> **SUPPLIED MATERIAL**
═══

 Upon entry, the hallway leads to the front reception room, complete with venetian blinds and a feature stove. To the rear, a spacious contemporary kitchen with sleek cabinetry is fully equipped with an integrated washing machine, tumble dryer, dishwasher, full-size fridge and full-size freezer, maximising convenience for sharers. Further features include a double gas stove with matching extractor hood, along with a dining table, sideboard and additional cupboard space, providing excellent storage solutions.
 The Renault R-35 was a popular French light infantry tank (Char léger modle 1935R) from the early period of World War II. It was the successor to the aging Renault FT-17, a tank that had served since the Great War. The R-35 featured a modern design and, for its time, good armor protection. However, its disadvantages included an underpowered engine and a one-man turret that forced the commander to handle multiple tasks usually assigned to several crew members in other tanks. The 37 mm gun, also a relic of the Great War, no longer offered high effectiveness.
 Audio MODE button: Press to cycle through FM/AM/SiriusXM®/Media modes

═══

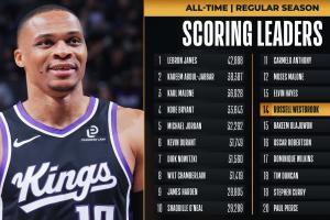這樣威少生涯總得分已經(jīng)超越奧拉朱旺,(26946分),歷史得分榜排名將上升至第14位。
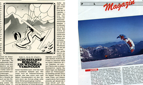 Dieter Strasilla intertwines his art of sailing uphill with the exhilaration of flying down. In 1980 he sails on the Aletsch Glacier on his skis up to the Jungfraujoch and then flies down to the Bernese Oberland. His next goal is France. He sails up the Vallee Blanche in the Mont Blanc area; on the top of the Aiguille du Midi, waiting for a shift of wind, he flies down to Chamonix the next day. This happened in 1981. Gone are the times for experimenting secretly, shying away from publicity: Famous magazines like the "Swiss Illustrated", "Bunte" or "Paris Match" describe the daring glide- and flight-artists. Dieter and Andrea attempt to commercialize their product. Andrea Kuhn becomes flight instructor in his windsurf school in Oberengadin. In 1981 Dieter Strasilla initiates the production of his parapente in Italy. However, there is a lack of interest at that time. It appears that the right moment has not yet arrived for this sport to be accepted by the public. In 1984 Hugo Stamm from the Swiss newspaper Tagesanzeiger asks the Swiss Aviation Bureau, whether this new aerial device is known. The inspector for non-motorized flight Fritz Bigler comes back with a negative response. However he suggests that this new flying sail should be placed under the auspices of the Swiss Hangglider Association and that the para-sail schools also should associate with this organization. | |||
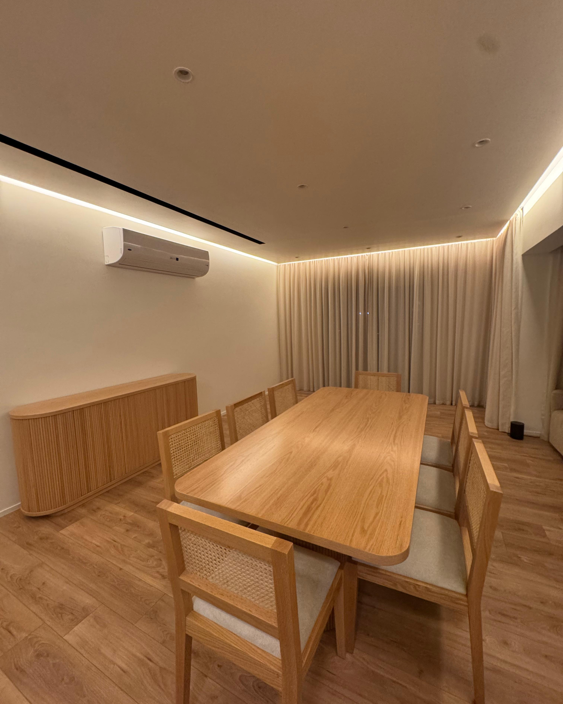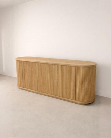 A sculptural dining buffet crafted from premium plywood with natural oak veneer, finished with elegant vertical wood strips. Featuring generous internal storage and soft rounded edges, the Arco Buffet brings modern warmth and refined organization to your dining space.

═══

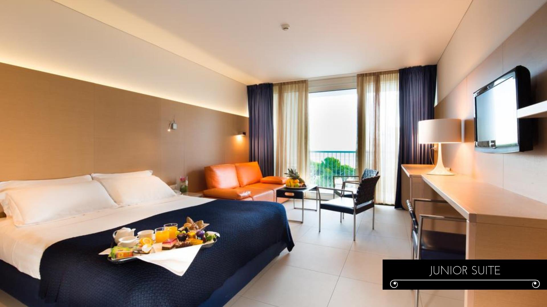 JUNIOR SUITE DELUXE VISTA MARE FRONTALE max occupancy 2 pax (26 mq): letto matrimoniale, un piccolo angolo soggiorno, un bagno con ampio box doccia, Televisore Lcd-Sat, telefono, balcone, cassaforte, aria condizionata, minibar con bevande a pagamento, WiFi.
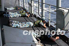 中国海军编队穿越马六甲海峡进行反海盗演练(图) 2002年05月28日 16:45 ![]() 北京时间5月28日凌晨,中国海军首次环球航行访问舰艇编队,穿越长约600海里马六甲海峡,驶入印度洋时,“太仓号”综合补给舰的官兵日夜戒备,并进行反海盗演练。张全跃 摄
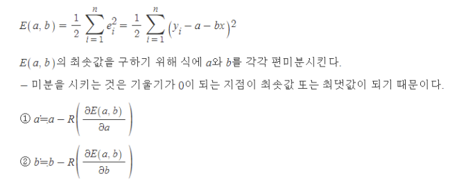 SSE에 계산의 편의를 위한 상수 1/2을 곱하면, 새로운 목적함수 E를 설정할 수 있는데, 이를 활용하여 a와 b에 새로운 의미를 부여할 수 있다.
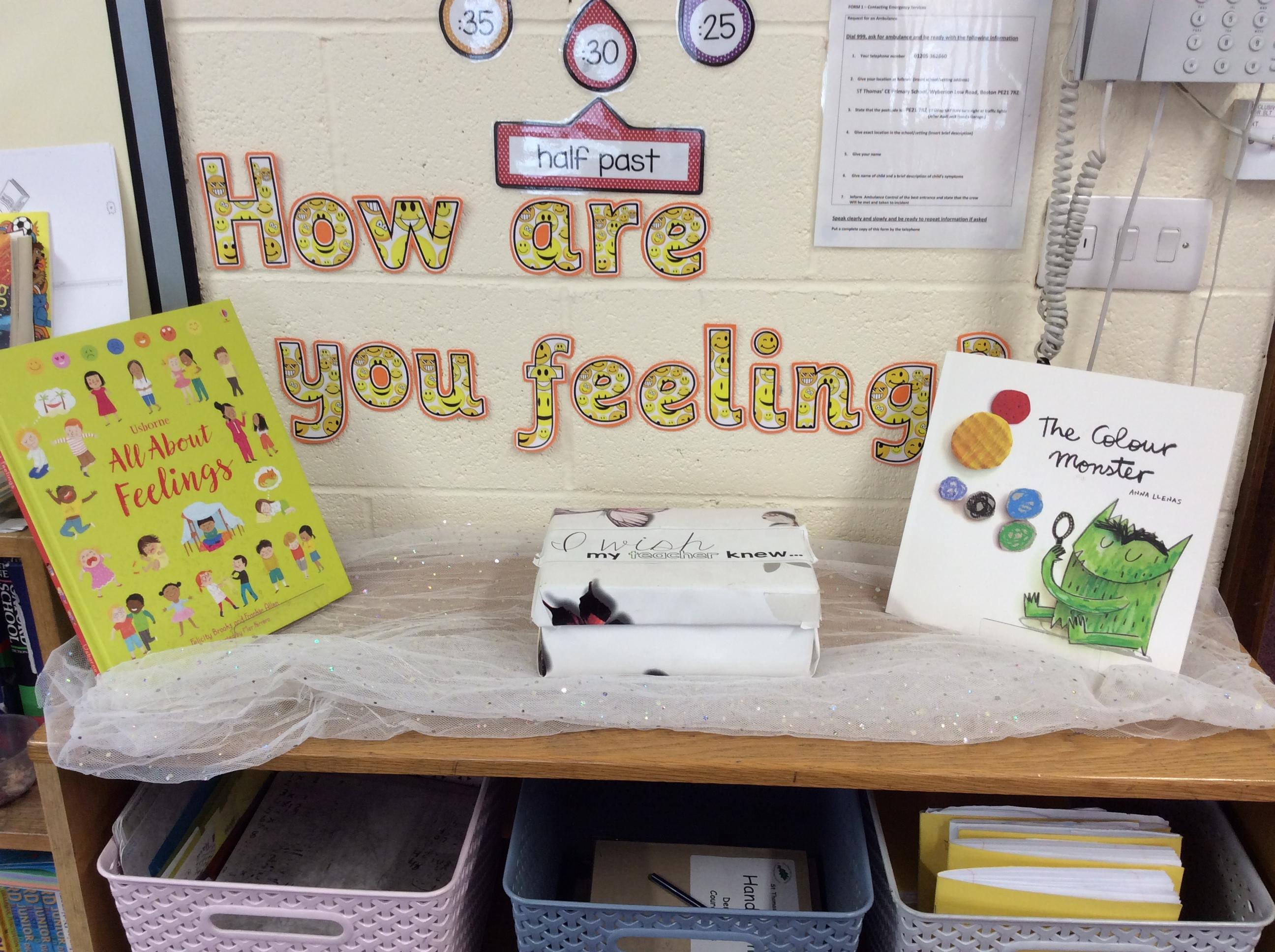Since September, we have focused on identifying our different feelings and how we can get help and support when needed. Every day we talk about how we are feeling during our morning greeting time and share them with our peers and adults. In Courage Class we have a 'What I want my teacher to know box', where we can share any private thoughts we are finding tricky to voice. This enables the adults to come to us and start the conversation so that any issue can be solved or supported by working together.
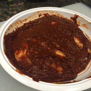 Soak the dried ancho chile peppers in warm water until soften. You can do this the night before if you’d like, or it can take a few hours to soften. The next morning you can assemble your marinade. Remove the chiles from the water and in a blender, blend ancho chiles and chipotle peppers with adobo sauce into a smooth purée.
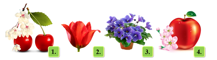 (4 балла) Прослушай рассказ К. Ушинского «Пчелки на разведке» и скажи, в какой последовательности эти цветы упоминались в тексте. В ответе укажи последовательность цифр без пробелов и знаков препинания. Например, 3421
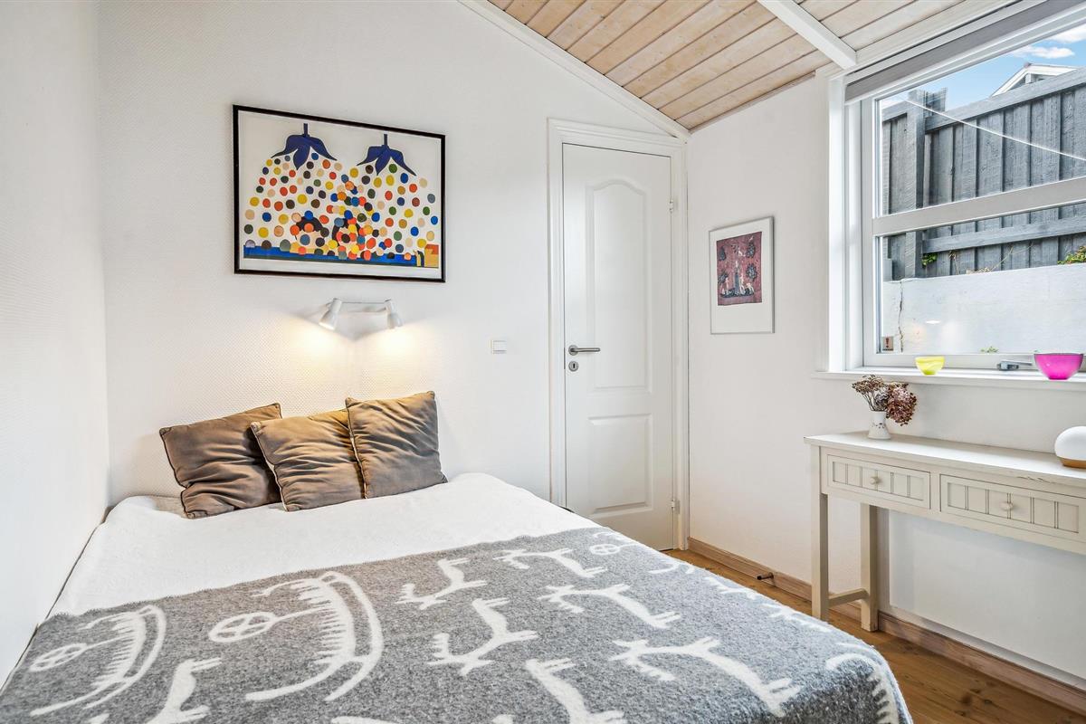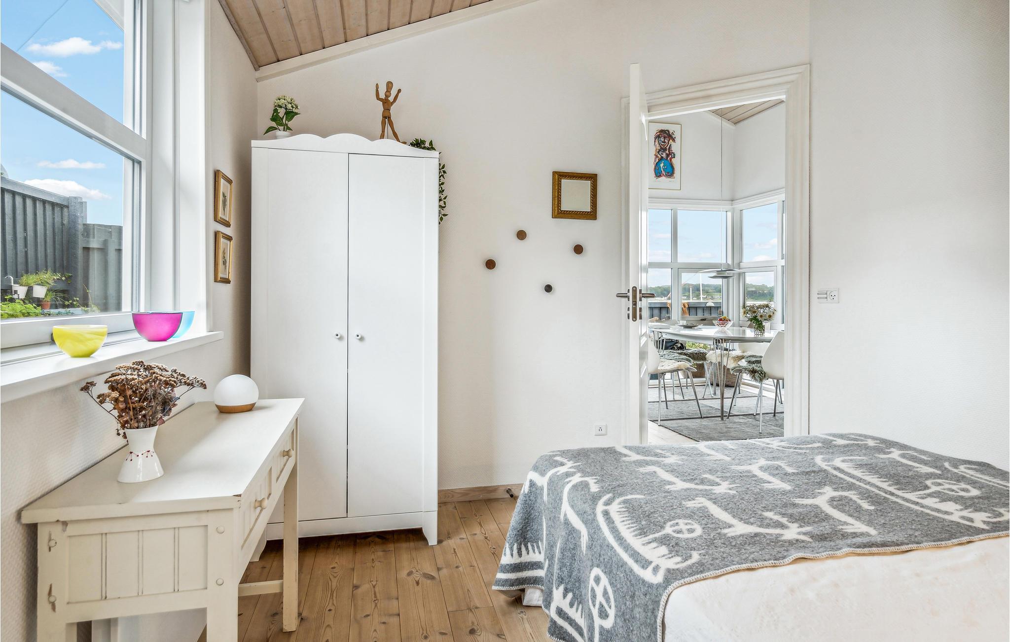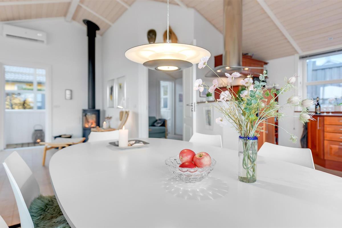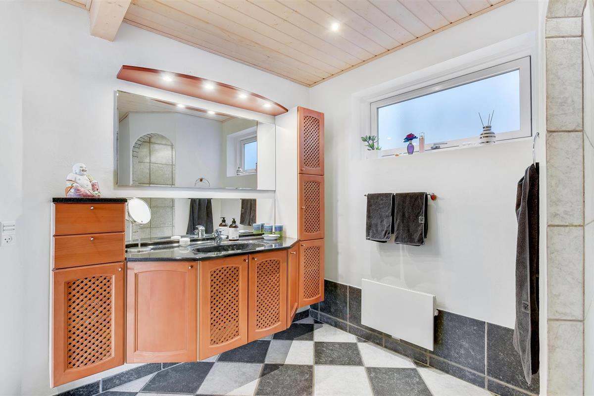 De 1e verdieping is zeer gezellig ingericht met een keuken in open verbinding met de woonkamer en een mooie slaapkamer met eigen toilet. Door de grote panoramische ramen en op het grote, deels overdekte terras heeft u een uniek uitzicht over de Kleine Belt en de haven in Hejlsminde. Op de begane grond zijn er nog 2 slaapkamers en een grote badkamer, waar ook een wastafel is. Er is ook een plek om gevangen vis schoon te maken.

═══

> **YOUR ASSIGNMENT**
Could you restate word for word the lines above, from the one that contains "Upon entry, the" through the one that contains "Audio MODE button: Press", and no others?

> **EXERCISE RESPONSE**
 Upon entry, the hallway leads to the front reception room, complete with venetian blinds and a feature stove. To the rear, a spacious contemporary kitchen with sleek cabinetry is fully equipped with an integrated washing machine, tumble dryer, dishwasher, full-size fridge and full-size freezer, maximising convenience for sharers. Further features include a double gas stove with matching extractor hood, along with a dining table, sideboard and additional cupboard space, providing excellent storage solutions.
 The Renault R-35 was a popular French light infantry tank (Char léger modle 1935R) from the early period of World War II. It was the successor to the aging Renault FT-17, a tank that had served since the Great War. The R-35 featured a modern design and, for its time, good armor protection. However, its disadvantages included an underpowered engine and a one-man turret that forced the commander to handle multiple tasks usually assigned to several crew members in other tanks. The 37 mm gun, also a relic of the Great War, no longer offered high effectiveness.
 Audio MODE button: Press to cycle through FM/AM/SiriusXM®/Media modes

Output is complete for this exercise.